I decided I’d be Emily, the tallest of the Brontës, though height was about the only physical characteristic we had in common. Apparently she was about half the width of a taper, an interestingly gruesome bit of information I learned from a book about the Brontës, because the coffin maker said it was far and away the narrowest adult one he’d had to supply.
I was very tall but not thin, which made finding a Victorian dress to fit me at a couple of days’ notice almost impossible.

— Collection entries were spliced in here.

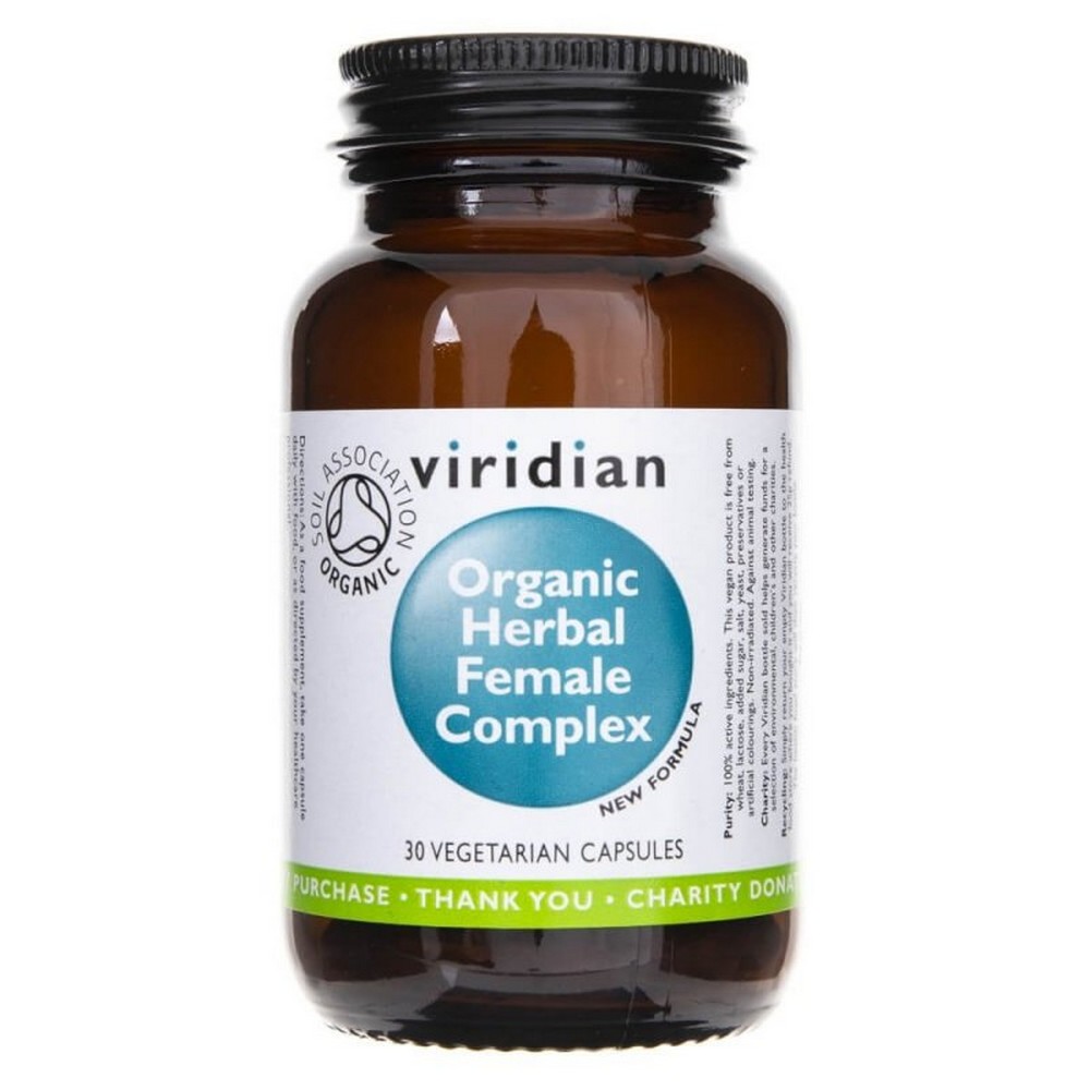 Organic Herbal Female Complex from Viridian is a dietary supplement in vegetarian capsules containing a blend of traditional herbal extracts prepared with women in mind.
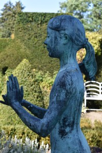 I will finish this report on our return visit to Waterperry Gardens with photos of this beautiful figure sculpture sitting on top of the wall and a stunning piece of cloud pruning.
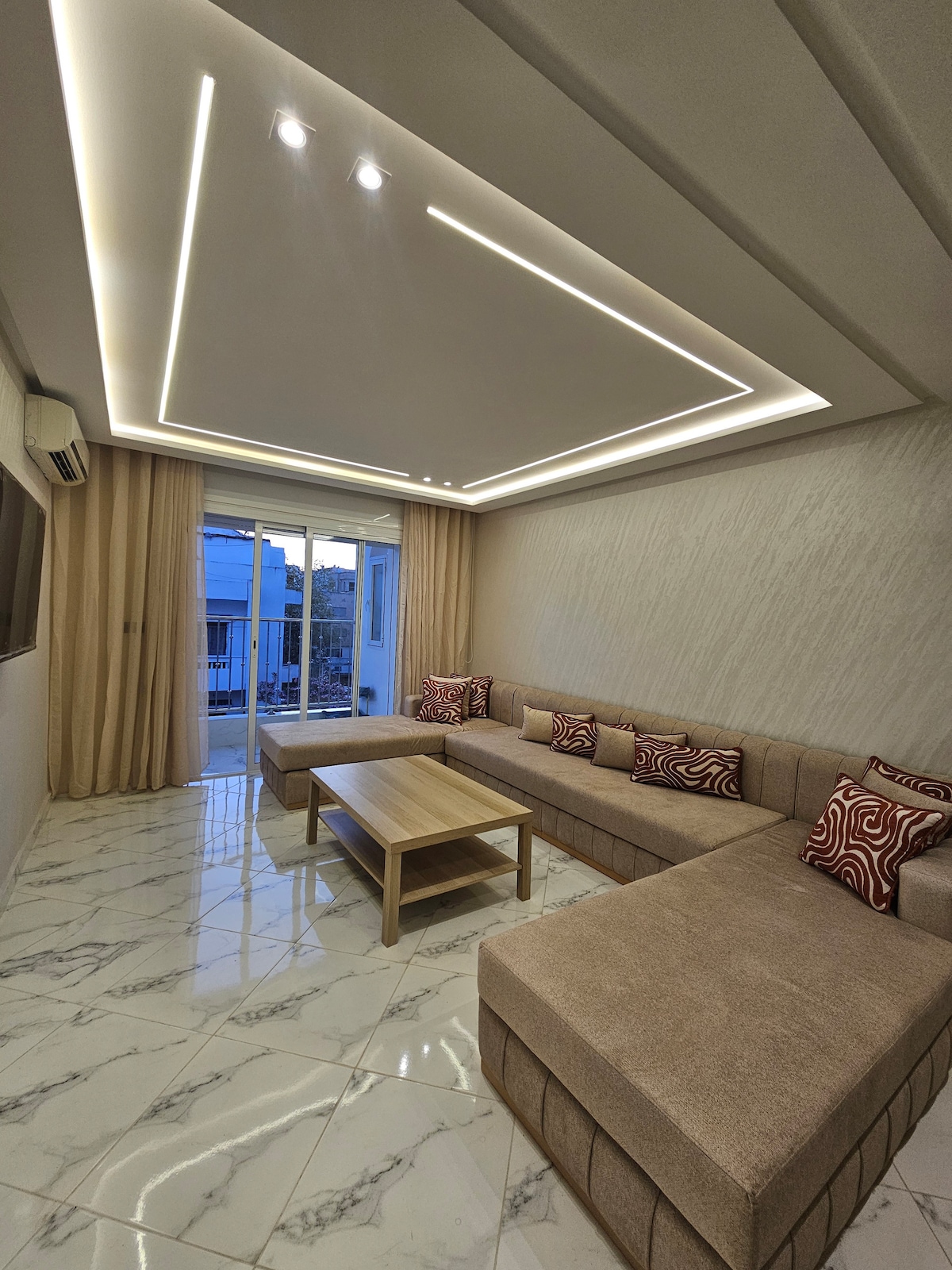 ✨L'appartement Panoramique à les jardins bleus se caractérise par son design à la fois moderne et élégant, chaque élément étant soigneusement conçu pour vous garantir une expérience sans pareille ✨Son emplacement central ✅ Appartement avec vue panoramique sur la mer et à proximité de : ✅ 1 min de la plage de Martil 🏖 et sa fameuses corniche ✅ 5 min de la Plage de Cabo Negro 🏝 ✅ 4 min de Ikea et KFC 🍗 ✅ 6 min de Marjane et McDonald's 🍟 ✅ 1 min restaurants cafés, commerces
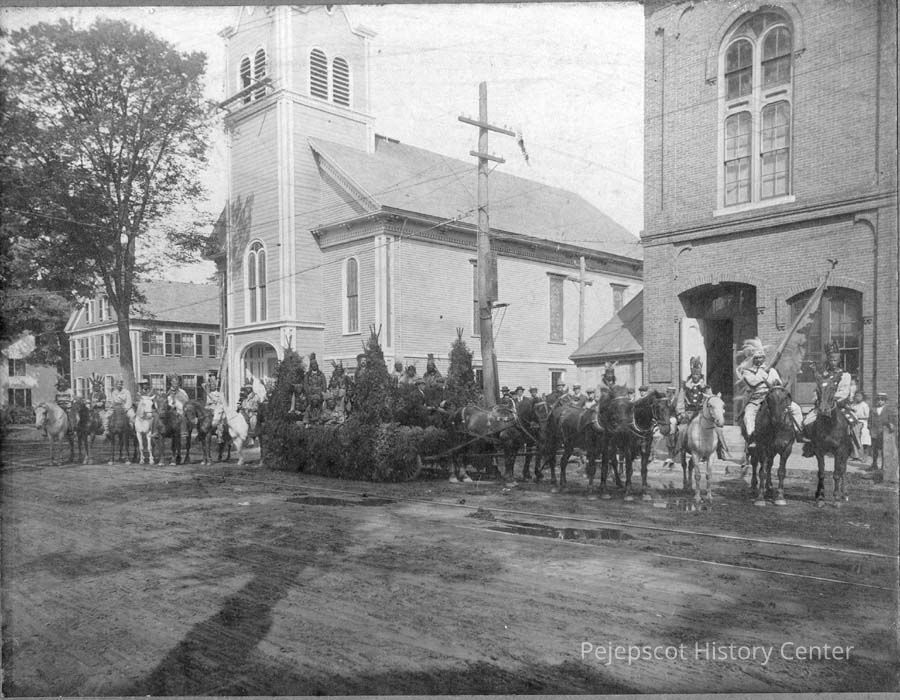 A B/W photographic view of group of Redmen in front of Redman Hall , Pleasant St, Brunswick. They have a horse drawn Christmas float.
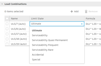 In the Limit State column of the Load Combination table, select the limit state for each load combination: Ultimate, Serviceability, Serviceability Quasi Permanent, Serviceability Frequent, Serviceability Rare, Accidental and Special.

My queries via the internet drew a blank that evening, so next morning, after slapping a second coat of paint on to the café ceiling, I began ringing round local fancy-dress shops.
This didn’t meet with any success either (though I could have had any amount of naughty nurse outfits), but help was to come from the most unexpected direction. Tilda called in with Nell’s seed cake recipe and when I told her my problem, she said she had the perfect thing.
‘We all had to dress up one year for the Women’s Institute Victorian Extravaganza – load of nonsense it was, really. Anyway, being tall like you, there was no way anything to hire would be long enough, so Nell ran me up a dress in sprigged muslin.’
I looked at her doubtfully: it sounded a whole unlikely Kate Greenaway step too far. ‘Sprigged muslin?’